Hoje: 21-11-2024
Página escrita por Rubem Queiroz Cobra
Site original: www.cobra.pages.nom.br
O que uma estrutura associativa – um conjunto de células do sistema nervoso unidas por suas sinapses – contem não é um retrato ou uma escultura das coisas; é apenas uma combinação organizada dos sinais recebidos pelo sistema por via das sensações. Essa combinação permite, perante o espírito, a reconstrução mental das coisas como uma experiência de consciência.
Mostrou o estudo da fisiologia do cérebro que, no campo de visão, um objeto que é visto reúne impressões gravadas em uma variedade de células isoladas. Algumas células registram movimento, outras, linhas em uma direção específica; outras, superfícies específicas do objeto; outras as cores; outras as disparidades estereoscópicas, etc. É fisicamente impossível a síntese desses dados de modo que a consciência de um objeto pudesse ser mera leitura, mera “visão” de sua reprodução no cérebro.
Portanto, o objeto da consciência não é o objeto real mas um objeto que se constitui internamente de partes inclusive relativamente remotas. Ao tornar-se a coisa consciente, ocorre uma síntese que integra todos os elementos, seja essa coisa constituída de ideias, de sons, de imagens, etc. Esta síntese não é uma representação única, mas sim uma percepção única que contem inclusive, a reação emocional que a coisa desperta. A esta combinação de dados relativa a um objeto tenho chamado configuração associativa.
Por essa razão, acho que se poderia chamar os objetos que conhecemos de objetos configurados porque não estão na mente como réplicas da realidade, mas como uma representação, na forma de configurações associativas que os dão à consciência como ideias, como conceitos, como projetos, como objetos dos sentidos, enfim, como objetos ideais. E essas configurações se constroem seguindo certas sintaxes naturais com que o sistema associativo está equipado.

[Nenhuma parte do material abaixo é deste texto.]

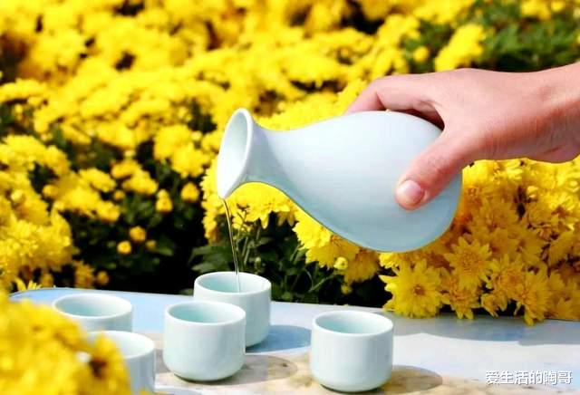 “酒”与“久”谐音,重阳节喝菊花酒,寓意着祛灾祈福,寓意着健康长寿和吉祥如意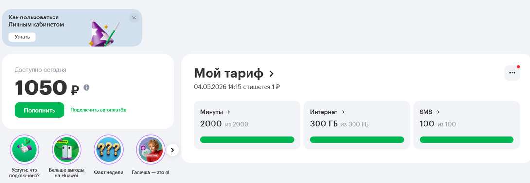 В «МегаФоне» на действия Т2 ответили просто: акция «Перенос тарифа» теперь доступна с другими параметрами, можно за 1 рубль в месяц получить 300 ГБ интернета, 2000 минут звонков, 100 SMS. Проверили, все это работает при условии переноса номера к оператору (если нет переноса, то через месяц стоимость уйдет на 400 рублей в месяц).
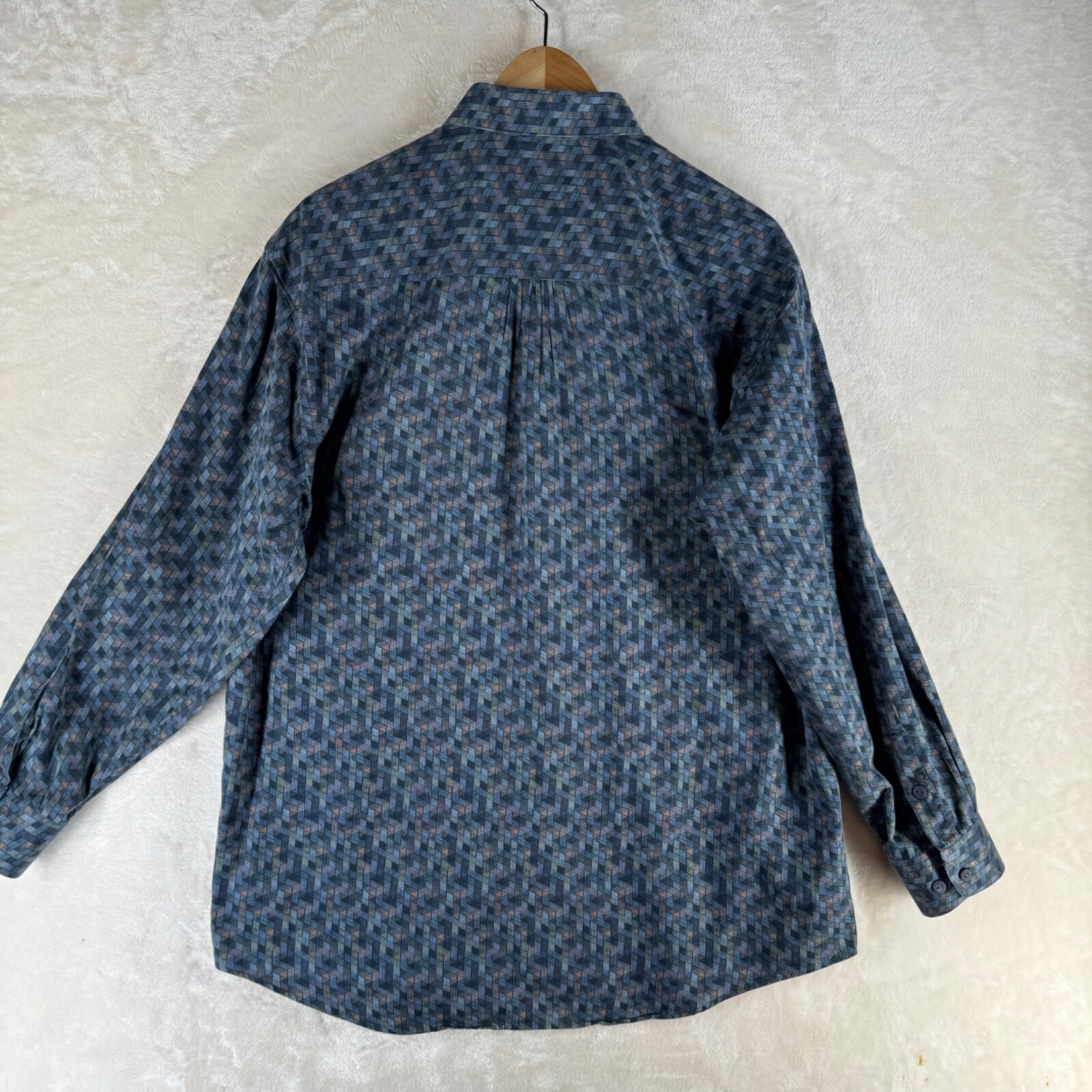 как выглядит Jhane Barnes Mens Size L Blue Geometric Cotton Casual Shirt фото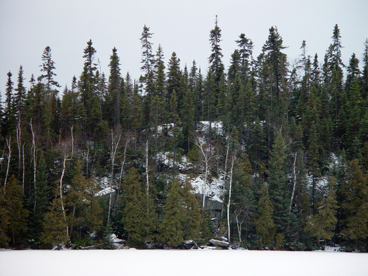 Snow cover rock face.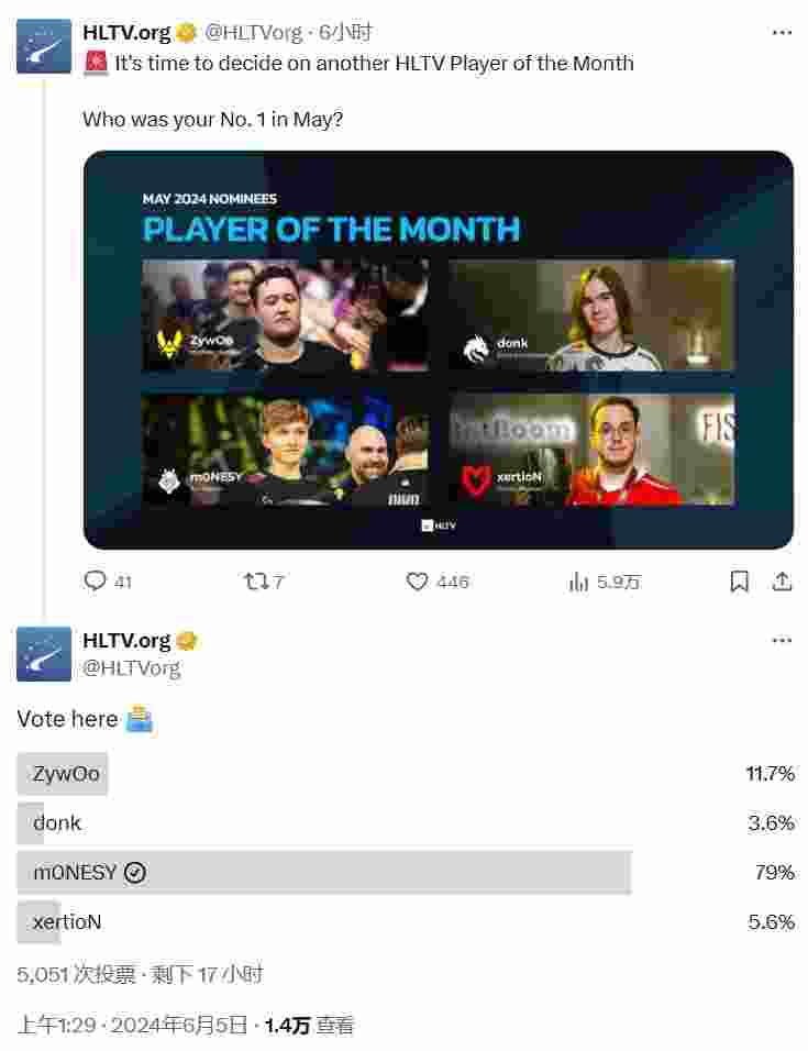 今天HLTV发起了五月最佳选手的投票,其中一共有四位候选人,分别是ZywOo、donk、m0NESY和xertioN这四位顶级明星选手。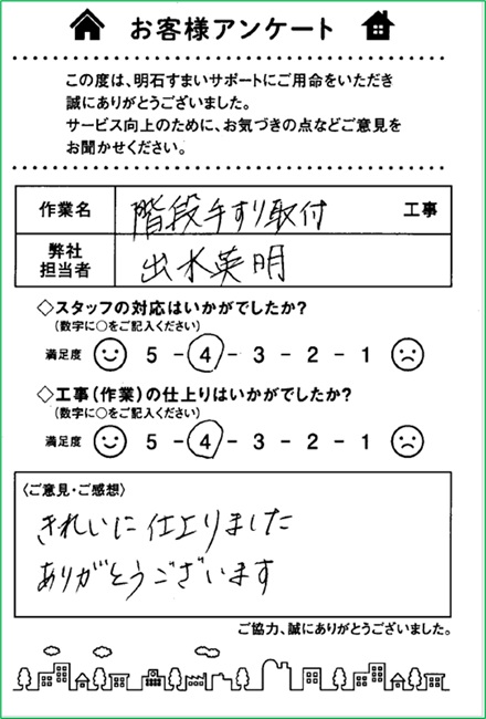 階段手摺取付工事をさせていただいたお客様から貴重なお声を頂きました。 ありがとうございました。[2025年10月14日]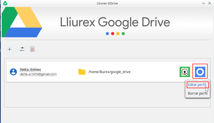 Para especificar la carpeta a sincronizar, en primer lugar accederemos a LliureX Drive y editaremos el perfil para el que queremos especificar la carpeta.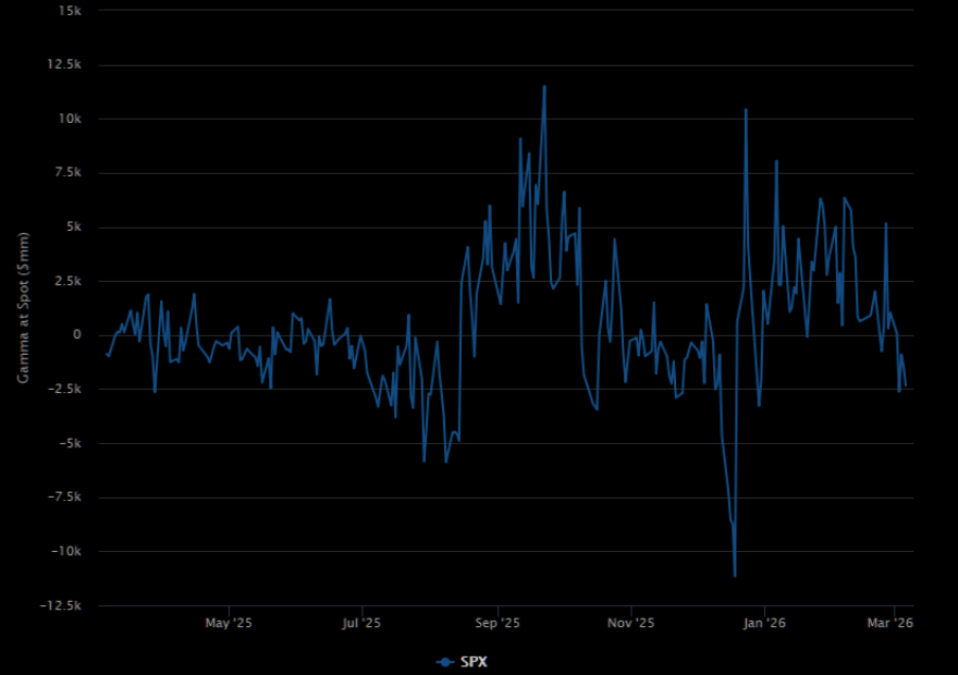 Dealers have entered short gamma land. All moves will be exaggerated as dealers now sell low, buy high.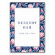 Denna bröllopsdekoration har en livfull blomsterdesign med stiliserade rosa proteor och gröna blad mot en djupblå bakgrund, vilket skapar en inbjudande och glad estetik. Den centrala vita fyrkanten är inramad av en tunn marinblå kant och visar fet seriffstil som lyder "DESSERT BAR" ovanför frasen "PLEASE TAKE A TREAT!" i ett ljusare typsnitt, vilket ger elegans åt det lekfulla temat. Den övergripande stämningen är varm och festlig, perfekt för att välkomna gäster att unna sig söta godsaker på alla firade evenemang.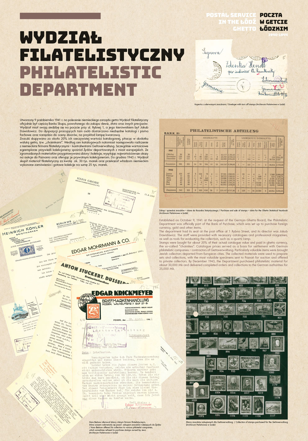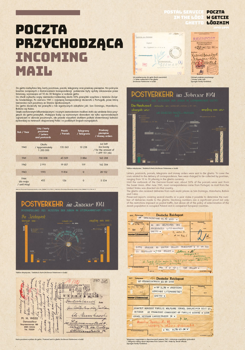 The State Archive in Lodz houses a collection of documents, photographs and artifacts from the Lodz Ghetto, numbering over a million pages. The collection also includes materials related to the operation of the postal service, including more than 21,000 postcards that were not mailed from the ghetto, notices regulating postal traffic in the ghetto, forms used by postal clerks and statistical data collected for the Statistical Yearbook being prepared in the ghetto. Albums with thousands of photographs, some of which were used in the exhibition to illustrate the history of the ghetto postal service, are an invaluable source.

As Sintaxes Associativas Do Pensamento. A identidade das coisas depende sempre das interligações de uma síntese, e essa coisa sintetizada, considerada em outra escala maior, entra também na síntese de algo maior, passa a ser um detalhe íntimo, conhecido na análise de uma estrutura superior. Se os elementos do que é visto não encontrassem uma sintaxe associativa de união, de síntese, a coisa não seria conhecida, seus sinais não encontrariam harmonia possível na mente para qualquer grau de percepção. Evidentemente esse conceito de sintaxe associativa tem afinidade com aquilo que, como visto atrás, está no pensamento de Piaget, de Kant, e de Leibniz o primeiro fala de esquemas possíveis, o segundo fala de categorias, e o terceiro, de predisposições. Mas acredito que o conceito de sintaxe como eu o utilizo pode ser ainda mais abrangente, porque não o aplico somente ao pensamento, que é aquilo com o que Piaget e Kant e Leibniz se preocupam, mas também às formulações que conduzem a sentimentos e comportamentos que têm uma origem inconsciente.
A finalidade das sintaxes associativas não se restringe, portanto, apenas a uma função aglutinadora que gera conceitos, como a que tem a sintaxe na linguagem. O poder das sintaxes vai além de sua função organizadora das configurações porque elas também imprimem uma dinâmica à associatividade, promovendo o crescimento da configuração associativa, e imprimindo a esse crescimento um sentido conclusivo, de finalidade, de resultados que podem demandar uma ação. Elas organizam a expansão das matrizes associativas herdadas em novas configurações associativas que registram e associam as vivências do indivíduo e apontam para metas ou objetivos a serem atingidos.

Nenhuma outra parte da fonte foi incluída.